My table saw finally arrived today, showed up around 9 this morning. Been assembling and dialing it in most of the day and evening, was kind of a pain. Showed up basically with no cardboard damage and everything was good. Was by myself for most of the day which is why it took so long. Guy from work helped me get it off the pallet. Attaching the wings was the biggest pain. One dipped down, directions said put tape as a shim. That pushed it up too high, redid it with a smaller piece of tape, still didn't work so took the tape off. Redid it a couple more times trying to get it perfect, each time I had to take the wing off, so it was daunting. Got it as good as I could, then according to the directions I had to put the rails on before the router side wing. Did that and of course it sucked putting the wing twice as heavy in without being able to hold the sides. Got it on and of course it needed to be shimmed. Took the fence rails off because it didn't need to be on before the wing unlike the directions said. One bad thing about the router wing was that it wasn't the same thickness as the rest, so using clamps to get it level wasnt going to work, pretty dumb but could be to cut down on weight. Soooooo after a few more attempts, got it on as best I could. Checked blade to miter slot alignment and it was good which was surprising. Got my router mounted, plug changed to the same as my jointer and everything is good to go. Frustrating getting it together, first time having to do it but was nice once it was all done. I took my one router off my crappy small router table, took the on off switch and epoxied magnets on it so I can still use it, tossed the old table, happy about that haha. Can't wait to use both tomorrow, too pooped tonight.

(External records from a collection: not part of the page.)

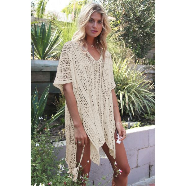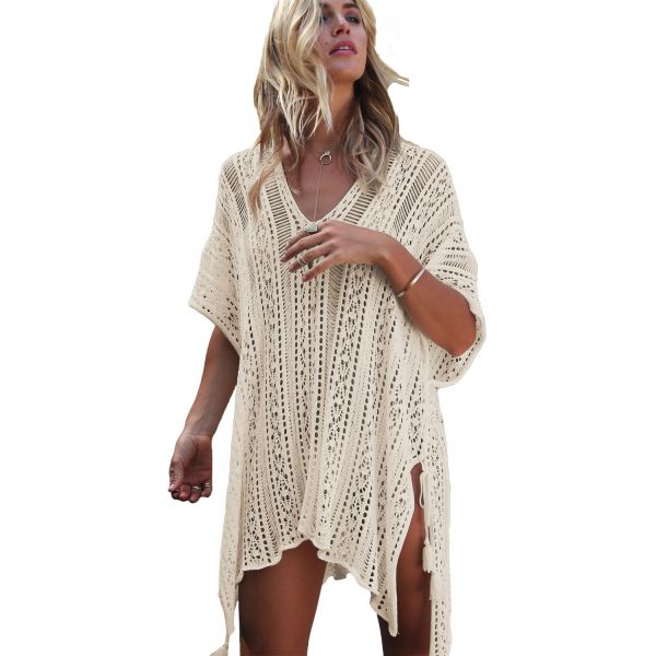 This cute and stylish swimsuit cover up is the perfect go to for this upcoming summer! Designed with sexy see-through, detailed knit pattern and comfortable loose fit. Features include wider sleeves and lace up sides with tassel tie closure. Beautiful crochet beachwear for women. This hollow-out beach dress is in a comfortable loose fit. Chic crochet knit with side split and tassel tie detail. |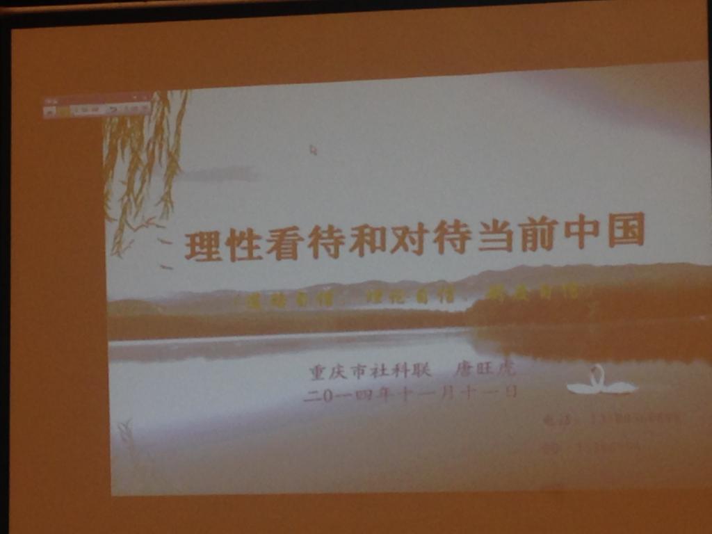 此次专题报告会在市老干部活动中心举办,主题是《理性看待和对待当前中国》,报告人是市社科联学会学术部部长、市社科普及专家库专家唐旺虎老师。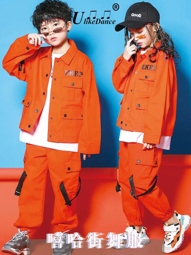 Kids Jazz Costumes Orange Long Sleeve Jacket Pants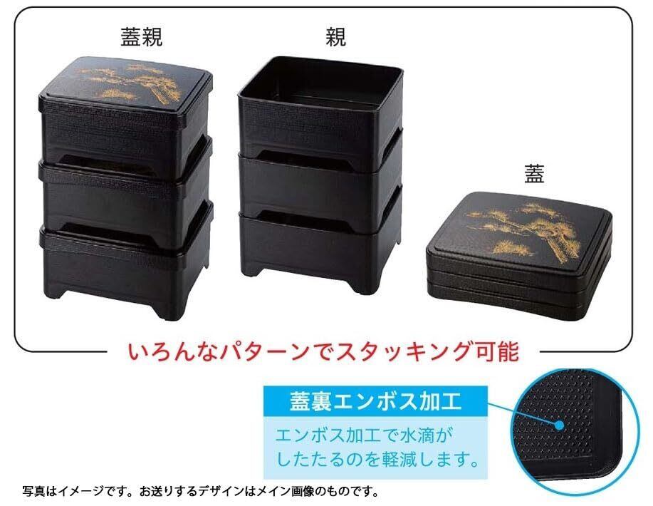 J-kitchens テイクアウト象足 鰻重箱 丼重 黒に赤老松 ABS樹脂、ポリプロピレン製 16.2x14.3x7.5cm 日本製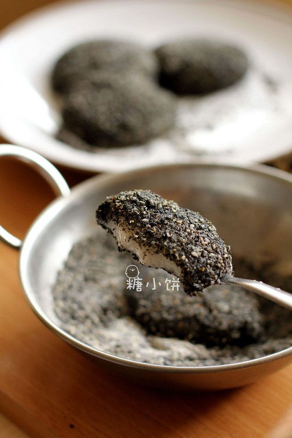 蘸料混合均匀,将团子挤入蘸料碗里面滚一圈即可,趁热食用

Reactions: Like 2 | Way Cool 8


----------



## Tony (Aug 26, 2015)

Looks good Joe! Let us know how it runs for you! Tony


----------



## Gixxerjoe04 (Aug 26, 2015)

One thing that does suck is it sits about 2" shorter than my outfeed table I had for my other saw. Thought about buying the mobile base for the saw, so might not cut down it down until I see how much that makes a difference. Was nasty cleaning off all the stuff they put on it to prevent rust, luckily a putty knife and wd40 made pretty light work of it.


----------



## ripjack13 (Aug 26, 2015)

Looks beefy. nice job....


----------



## barry richardson (Aug 26, 2015)

Once you make the first cut, it will all be worth it.... that router setup in the wing is cool, I have always wished I had a cast iron router table for the prescission, other tables sag over time. Will you be able to use a router lift with it?


----------



## Gixxerjoe04 (Aug 27, 2015)

By router lift, do you mean just adjusting the router up and down using the adjustment on the router, if so yes. It has 4 locking mechanisms under it to hold the router in place, had my wife center it while I locked it in place. Def worth the extra $50, I put a straight edge on my other router table, it was off real bad.

Reactions: Like 1


----------



## Bean_counter (Aug 27, 2015)

Nice score Joe. I have the same saw I bought used and was 6 months old. I was lucky enough to not have to assemble it but the thing sure is heavy. The router install for me was a pain in the neck trying to get it centered and at a 90. Did you get the 3hp?


----------



## barry richardson (Aug 27, 2015)

Gixxerjoe04 said:


> By router lift, do you mean just adjusting the router up and down using the adjustment on the router, if so yes. It has 4 locking mechanisms under it to hold the router in place, had my wife center it while I locked it in place. Def worth the extra $50, I put a straight edge on my other router table, it was off real bad.
> View attachment 86496


I was talking about one you can adjust from above the table, like Jessem's. Looks like it wouldn't work, unless you could modify it somehow, they are usually attached to a rectangular plate that drops into the top of the router table...


----------



## Nature Man (Aug 27, 2015)

Nothing like a new piece of woodworking equipment!!! But setup is a royal pain. Now your productivity will go up. Congrats! Chuck


----------



## Gixxerjoe04 (Aug 27, 2015)

Nah doesn't have that type of lift but it's not too bad adjusting, still a lot better than my other fence. @Bean_counter yea it's the 3hp, 5hp was only like $20 more but didn't want to put new breakers in and it's not like I need a 5hp.


----------



## ironman123 (Aug 27, 2015)

Congrats Joe. Now get to cutting.


----------



## woodtickgreg (Aug 27, 2015)

Very cool, getting new equipment is always fun. Set up is important, it's a good thing that you are taking the time to get it right. You will be glad you did. Looks like it was packaged well. Nice saw!


----------